Who is the perfect man? Need I give an explicit answer? This man is none other than our Lord Himself.

Instead of being vexed and frustrated by wicked and lawless persons, let us learn to turn our eyes unto the Perfect Man, our Lord and Saviour, the Prince of Peace. There is no better antidote from the vexations of this present life than to turn our eyes and look full into the wonderful face of our Saviour.

Did someone make your life miserable?

She may be a sales clerk at the supermarket you had to deal with.

He may be a stranger who drove recklessly and nearly caused you to have an accident.

He may be your boss.

She may be your colleague.

He may be a member of the same church.

She may be your mother-in-law.

He may be a fair-weather friend.

She may even be a loved-one who simply does not understand the way of truth and therefore has made your life miserable.

What should you do when you feel so vexed and angry? It does not help to keep brooding over it. It always helps to turn your eyes to the Perfect Man. Know that it is because there is none perfect that He had to come to rescue you. Know that one day there will be perfect peace for your soul because your Saviour, the Perfect Man, will make sure that all that surrounds you for all eternity are perfectly loving and understanding and caring.

And besides, He has also given you other reasons why you should not fret over evildoers and workers of iniquity, but instead do as He instructs. This is the final thing we must consider.

3. Why?

Why should we not fret over evildoers, but continue to trust and wait upon the Lord?

The answer is found everywhere in this psalm, but we may summarise it under 7 points.

First and foremost, when we learn to trust in the Lord and to seek first His kingdom and righteousness, God promises to provide for all our needs (v. 3) and to give us the desires of our heart (v. 4).

Secondly, the Lord will give success to our endeavours (v. 5). All things work together for the good of the righteous even in days of famine (v. 19) in contrast to the curse that will attend the wicked. The Lord will order our steps and enable us to delight in His way (v. 23). He will not allow us to fall beyond recovery (v. 24). This is something that experience testifies to be true (v. 25-26)

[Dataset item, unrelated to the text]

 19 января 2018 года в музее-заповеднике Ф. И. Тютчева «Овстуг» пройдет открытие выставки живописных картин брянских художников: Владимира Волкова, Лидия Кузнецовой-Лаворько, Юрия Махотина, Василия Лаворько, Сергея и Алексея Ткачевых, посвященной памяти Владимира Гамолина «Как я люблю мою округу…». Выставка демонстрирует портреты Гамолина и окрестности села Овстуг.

Thirdly, when we put our trust in Him instead of taking matters into our own hands, our Lord will grant us deliverance from all our sin and from all our troubles, verse 39—

39 But the salvation of the righteous is of the LORD: he is their strength in the time of trouble. 40 And the LORD shall help them, and deliver them: he shall deliver them from the wicked, and save them, because they trust in him.

Fourthly, vengeance belongs to the Lord. When we refuse to allow ourselves to sin because of anger and vexation against the wicked, we will see the day when the Lord will deal with the wicked on our behalf.

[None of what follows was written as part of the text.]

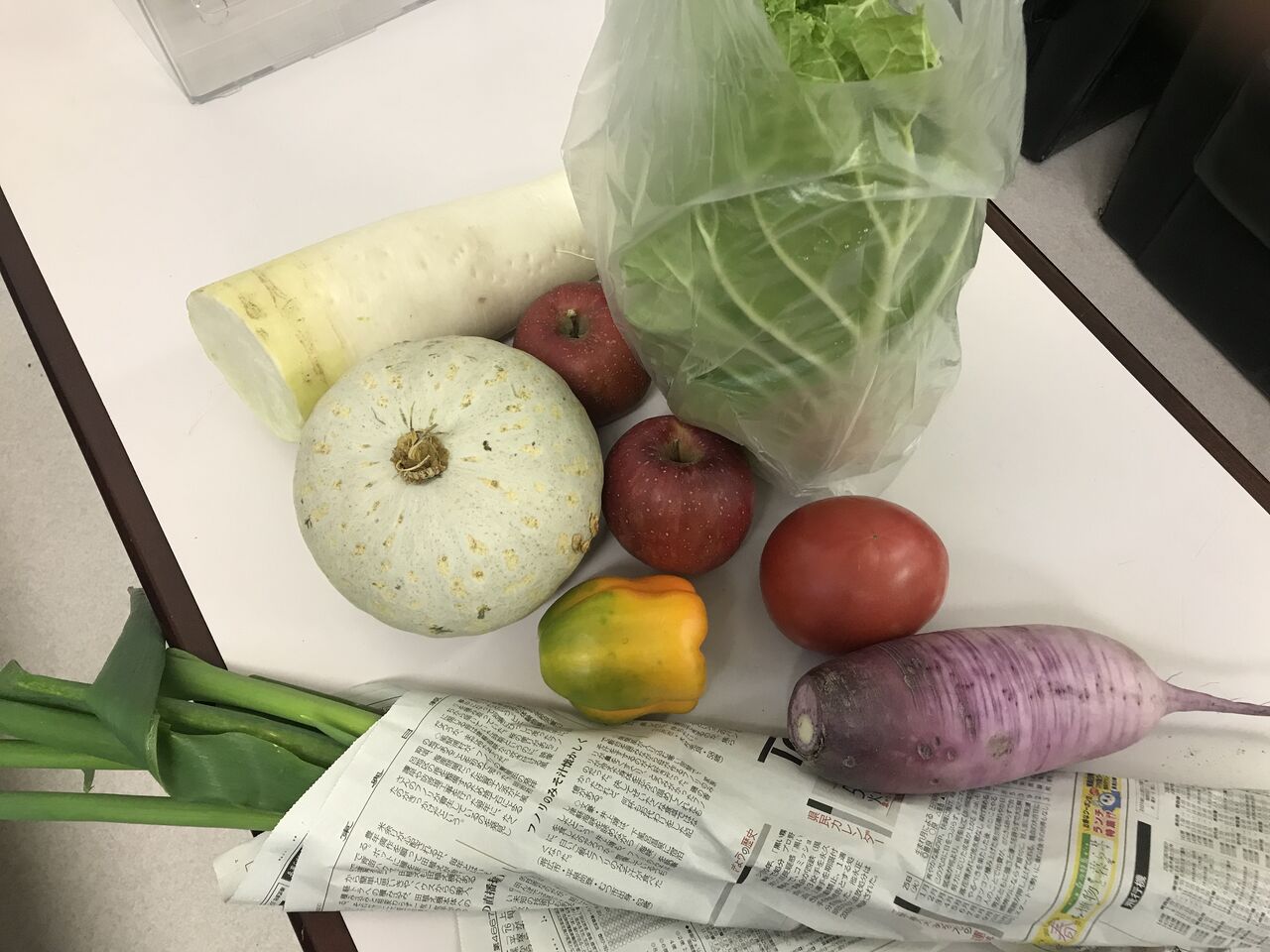 11/28(日)フードパントリーを行いました。缶詰やカップラーメン、お肉、お菓子などの食料品1袋、米2キロ、大根や長ねぎ、人参、みかんとりんごなどの野菜と果物1袋、ティッシュペーパーやラップ、マスクなどの日用品1袋と盛りだくさん。徒歩の方には持ちきれずに2往復する方もいらっしゃいました。フードパントリーを始めた当初とは比べ物にならないほどの品ぞろえです。

He will cut off the evildoers (v. 9-10, v. 34b, v. 38). He will laugh at them for their day is coming (v. 13). He will destroy them with swift and perfect judgement (v. 14-15, 17).

They may be great in power. They may spread themselves like a green bay tree. But they would pass away and all their wealth will be completely lost to them (v. 35-36) in contrast to the eternal wealth of the righteous.

Fifthly, and related to the fourth point, when we commit ourselves to the Lord’s vengeance, the Lord will vindicate us openly (v. 6, 17b).

Sixthly, when we refuse to be envious of the wicked, the Lord will give us an everlasting inheritance. We shall inherit the earth (v. 9, 12, 22, 29). Our inheritance is eternal, whereas the inheritance of the wicked will last no more than a lifetime (v. 18)

For this reason the little that the righteous have is better than the riches of many wicked persons (v. 16). We should therefore never be envious of their wealth and status.

We should not allow ourselves to sink in depression because of the vexing ways of the wicked. We should rather pity them.

But seventhly and finally, when we take heed to the instructions of this psalm and turn our eyes unto the Lord to walk in the ways of the Lord, we shall more and more be like the Lord, the Perfect Man, and know the blessings of the Perfect Man (v. 30-33).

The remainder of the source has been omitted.